Invoice biasa vs Faktur Pajak: jangan sampai tertukar
Banyak freelancer bingung antara invoice komersial dan Faktur Pajak. Keduanya berbeda fungsi, penerbit, dan konsekuensi hukum. Tabel berikut membantu Anda membedakannya.
| Aspek | Invoice Komersial | Faktur Pajak |
|---|---|---|
| Tujuan | Menagih pembayaran ke klien | Dokumen resmi pemungutan PPN |
| Penerbit | Semua freelancer dan pelaku usaha | Hanya Pengusaha Kena Pajak (PKP) |
| Dasar hukum | Praktik bisnis dan kesepakatan para pihak | UU PPN (Pasal 13 UU 42/2009 jo.

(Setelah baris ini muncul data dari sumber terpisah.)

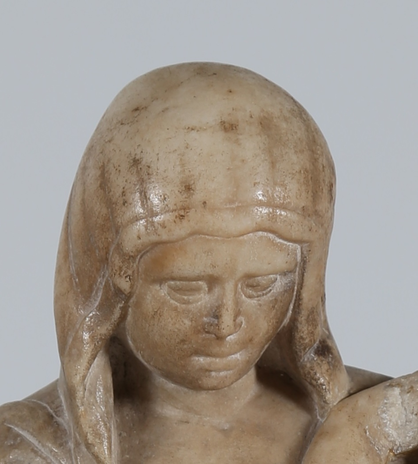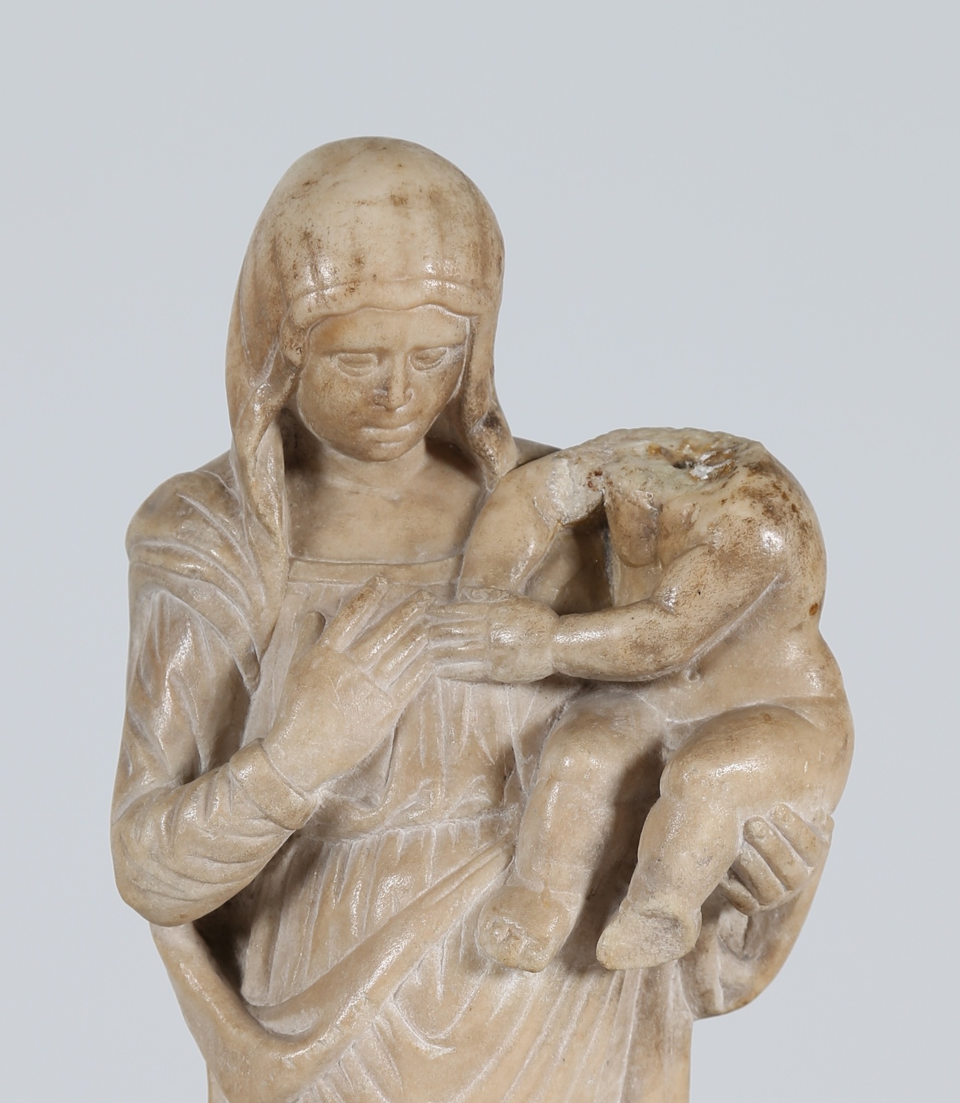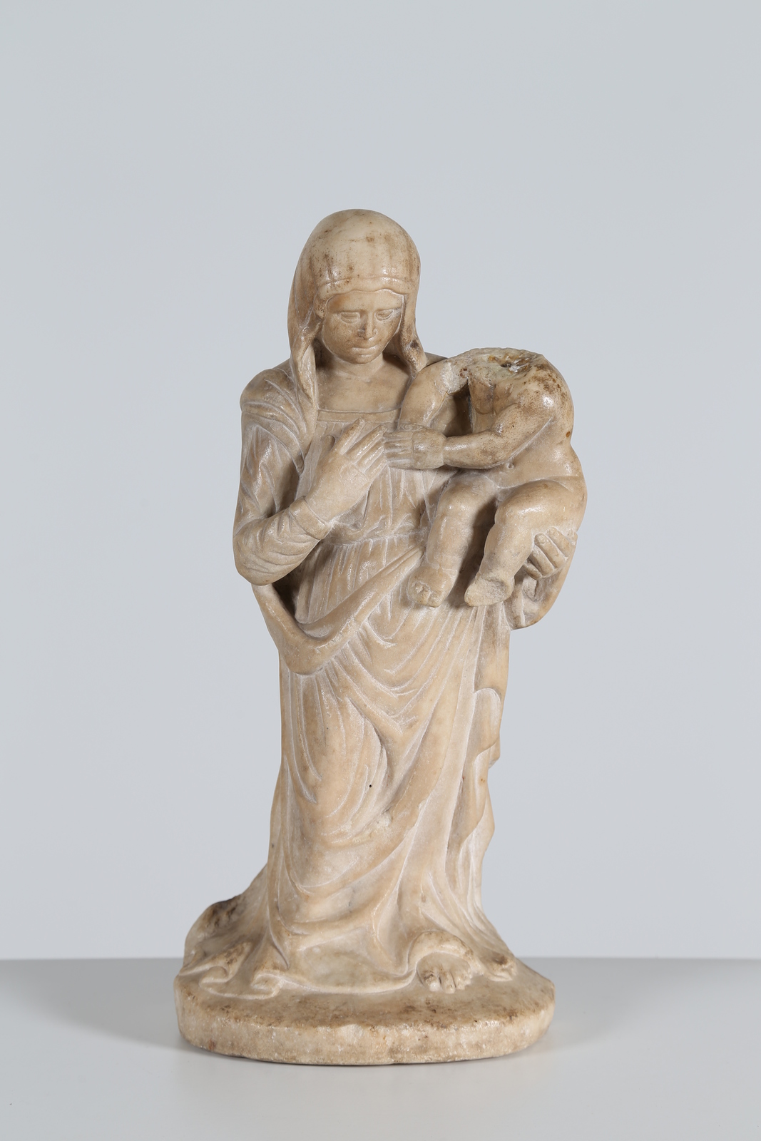 MANIFATTURA LOMBARDA DEL XVI SECOLO Madonna con Bambino. Marmo. Cm 18,50 x 39,00 x 16,00. Difetti e mancanze,

UU 7/2021) |
| Isi wajib | Identitas, deskripsi jasa, total, jatuh tempo, rekening (praktik bisnis) | Diatur lengkap Pasal 13 ayat (5) UU PPN, termasuk NPWP, kode faktur, DPP, PPN |
| Format | Bebas, bisa PDF, Word, atau sistem invoice | Harus melalui sistem DJP (e-Faktur) |
Artikel ini membahas invoice komersial untuk freelancer. Jika Anda sudah PKP, gunakan Faktur Pajak sesuai ketentuan DJP. Aturan pajak dapat berubah. Informasi di sini bukan pengganti nasihat konsultan pajak.
10 elemen yang harus ada di invoice freelancer
Setiap invoice profesional perlu memuat informasi minimum agar klien tidak perlu bertanya ulang. Berikut elemen-elemennya berdasarkan praktik bisnis yang umum — bukan daftar wajib menurut undang-undang perpajakan.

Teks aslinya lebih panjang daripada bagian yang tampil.